Is there any huge web application built using Redux? - demetriusnunes
All examples that I see on the web using Redux (which sounds really good in principle) are tiny small. Little counters, todo apps, etc. I wonder if the proposed approach of a single global state would scale to a real-world big app, where there might be hundreds (maybe thousands) of reducers and actions and a huge state object.
======
acemarke
Agreed. There's currently about 2200 repos that show up in a Github search for
"redux" \+ Javascript, and the vast majority of them are boilerplates,
TodoMVCs, and copies of the "Full Stack Redux" voting tutorial. Have to admit
I'm curious to see some bigger examples as well.

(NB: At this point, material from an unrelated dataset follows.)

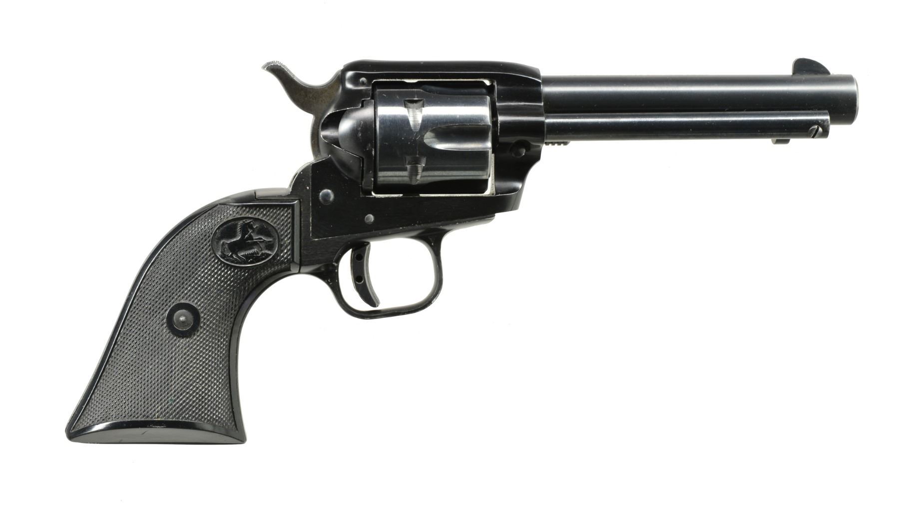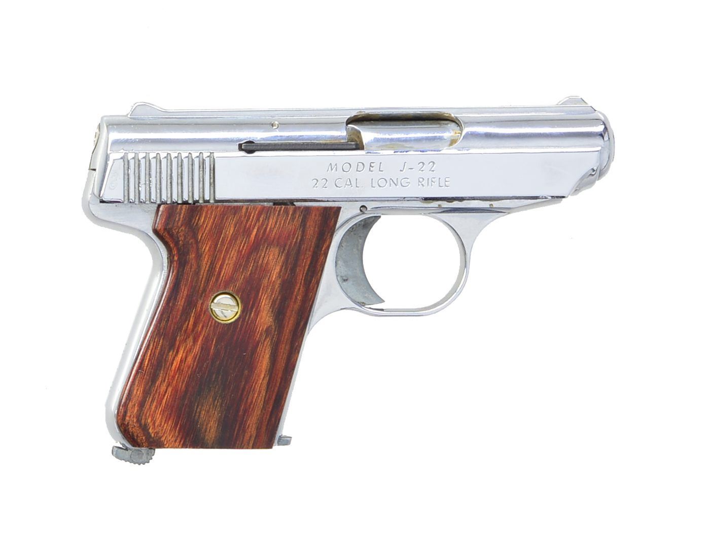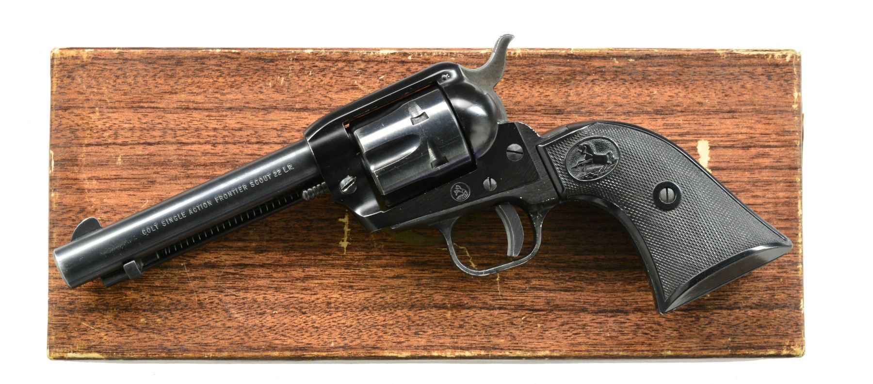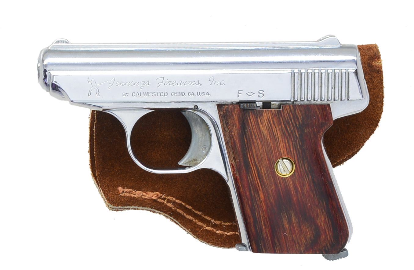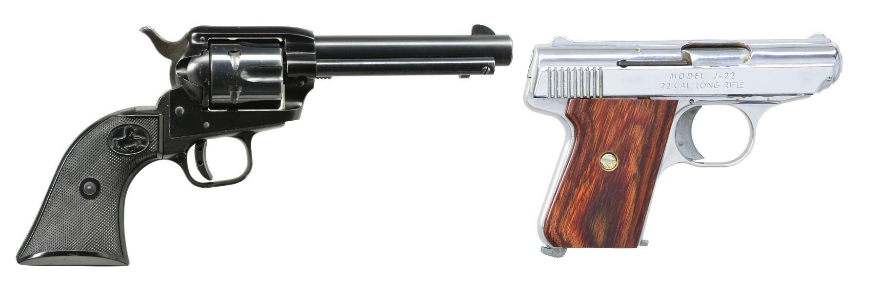 BOTH: cal. 22 LR. 1) COLT FRONTIER SCOUT REVOLVER. S# 155038F. Bbl. 4 3/4" w/ blade front sight & frame notched rear. Mfg. 1962 w/ black alloy frame & Colt logo checkered black plastic grips. Steel trigger shoe installed. UNATTACHED ACCESSORIES: original wood grained box & packaging. Scuffs on edges & portion of lid plus break out of 1 corner of top & base from violent forward motion of bbl. in box. CONDITION: very good general appearance w/ light holster like high point wear & occasional sm. marks. Even gray stained tone to sides of hammer. Very good grips w/ very faint marks on right. Near excellent bore. (20-429/NW). CURIO. 2) JENNINGS MODEL J-22 SEMI-AUTO PISTOL. S# 407630. Bbl. 2 5/8". Mfg. discontinued 1985. Chrome plated w/ alloy trigger & mag. latch. Smooth hardwood grips. Fixed sights on raise rib of slide. MAGS: 1 very good 6 rd. UNATTACHED ACCESSORIES: near excellent Cobra Gunskin IWB suede belt clip holster. CONDITION: all aspects near excellent including bore. (20-430/NW). MODERN. $400-600.

The "Who Uses Redux?" issue in the repo (
[https://github.com/rackt/redux/issues/310](https://github.com/rackt/redux/issues/310)
) does list a number of companies, so it does seem like there's actual usage.
I also ran across
[https://github.com/mezod/listlogs/tree/joan](https://github.com/mezod/listlogs/tree/joan)
, which is at least more of a real app. Finally, the Firefox DevTools now
appear to use Redux some as well ( [https://hg.mozilla.org/mozilla-
central/rev/17d1d8bbae99](https://hg.mozilla.org/mozilla-
central/rev/17d1d8bbae99) ).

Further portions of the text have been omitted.